Provided data ::
----------------------------------------

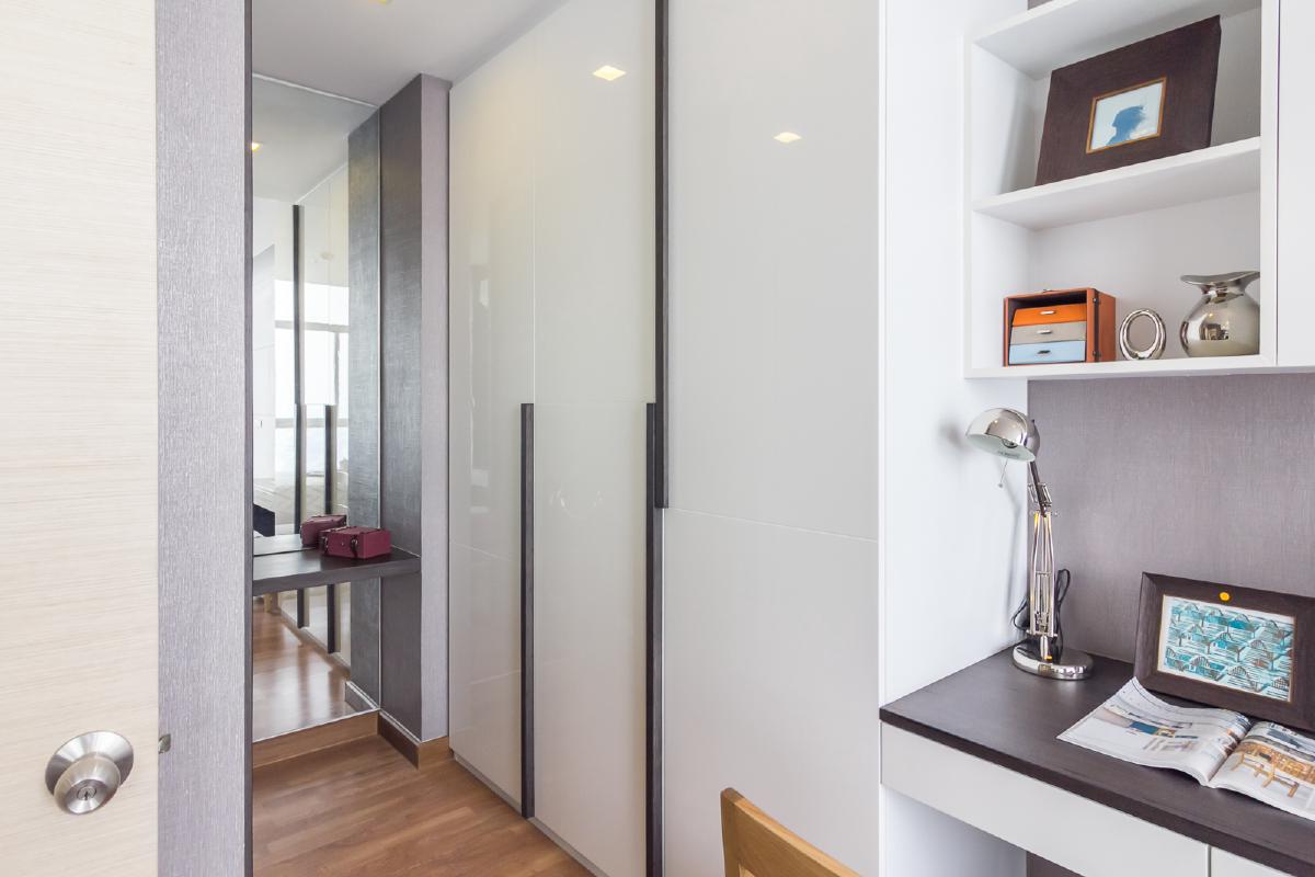 ด้านซ้ายจะมีตู้เสื้อผ้าแบบ Built in และ มุมแต่งตัว
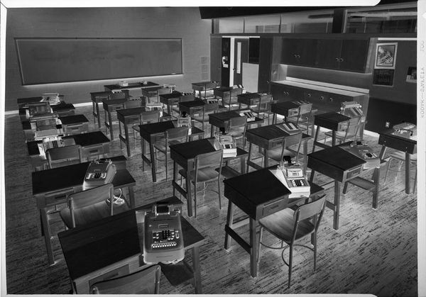 Editor: This photograph, "Untitled (appliance showroom)" by Peter James Studio, features rows of household appliances. It feels incredibly sterile, almost unsettlingly uniform. What jumps out at you? Curator: Ah, yes. It's a rather haunting image, isn't it? A symphony of consumerism, perhaps? I see a reflection of societal aspirations, the promise of modernity, frozen in time. And the appliances themselves—they're like silent sentinels. What do you make of the stark lighting? Editor: It amplifies the feeling of emptiness. I hadn't considered the 'promise of modernity' aspect. Curator: Indeed. It's as if the photograph whispers, "Is this all there is?" Food for thought, eh?
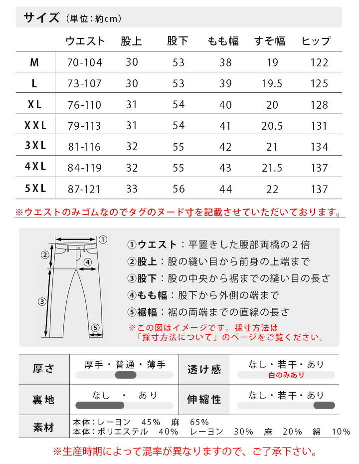 4XL : ウエスト84-119cm 股上32cm 股下55cm もも幅43cm 裾幅21.5cm ヒップ137cm
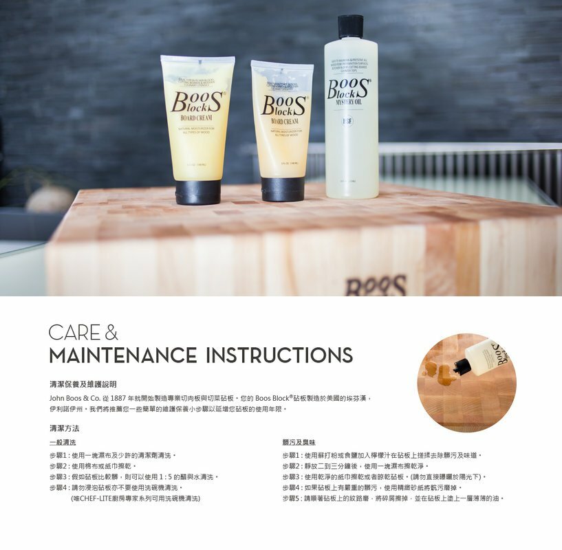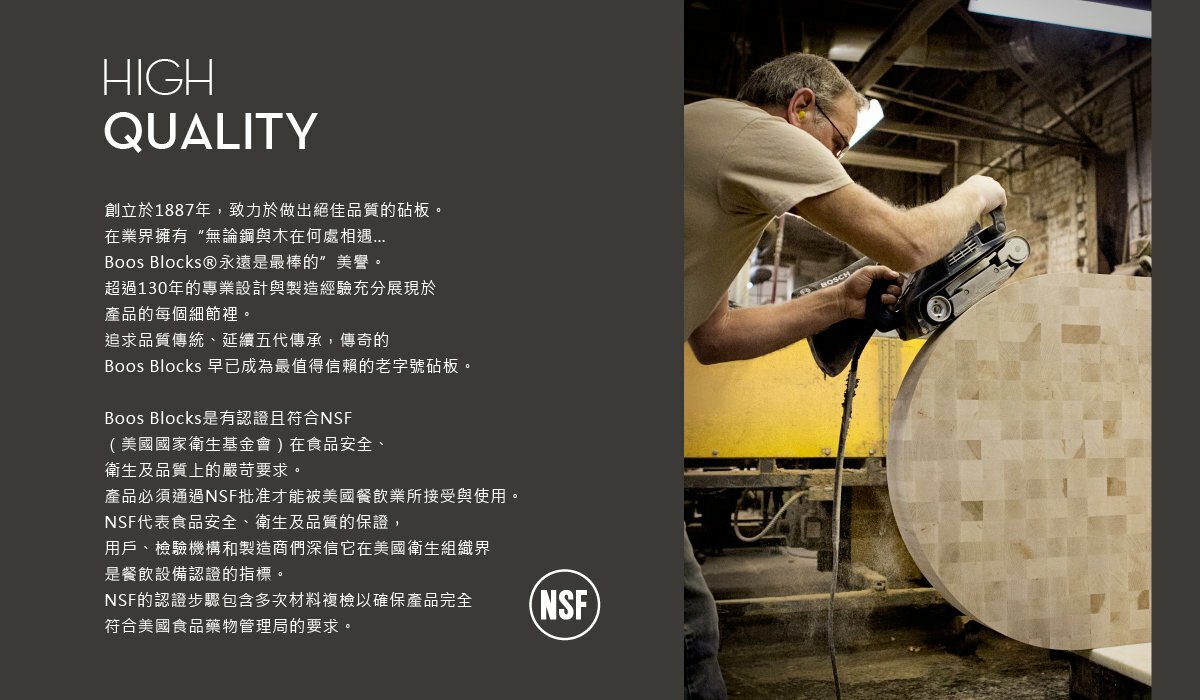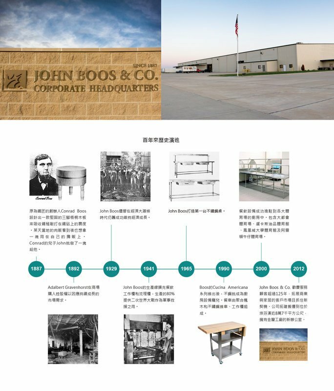John Boos & Company是美國歷史最悠久的一流廚房設備主要製造商之一。Boos BlocksR的產品自1887年至今都從美國伊利諾州的埃芬漢產出,可說是一流切菜板與砧板的代名詞。John Boos & Company 130多年來在製造絕佳的切菜板、砧板及食物準備設備上獨樹一幟。顧客們由使用經驗上可得知 Boos Blocks 今日對品質的追求就如同1887年公司剛創立時一樣重要,創辦人及其繼承人們在品質、技術及設計的追求上有其堅持。五代的經驗與技能結合最高品質、可再生且永續的硬木來造出擁有絕佳技術與獨創性的最高品質產品。熱情、精確、注重細節的傳統讓設計與製造的每個步驟更趨完善。

----------------------------------------

Activity ::
Leave the pictures out, and transcribe exactly the lines above starting at the one that contains "for thought, eh?" and ending at the one that contains "4XL : ウエスト84-119cm".

Output for this exercise ::
 Editor: This photograph, "Untitled (appliance showroom)" by Peter James Studio, features rows of household appliances. It feels incredibly sterile, almost unsettlingly uniform. What jumps out at you? Curator: Ah, yes. It's a rather haunting image, isn't it? A symphony of consumerism, perhaps? I see a reflection of societal aspirations, the promise of modernity, frozen in time. And the appliances themselves—they're like silent sentinels. What do you make of the stark lighting? Editor: It amplifies the feeling of emptiness. I hadn't considered the 'promise of modernity' aspect. Curator: Indeed. It's as if the photograph whispers, "Is this all there is?" Food for thought, eh?
 4XL : ウエスト84-119cm 股上32cm 股下55cm もも幅43cm 裾幅21.5cm ヒップ137cm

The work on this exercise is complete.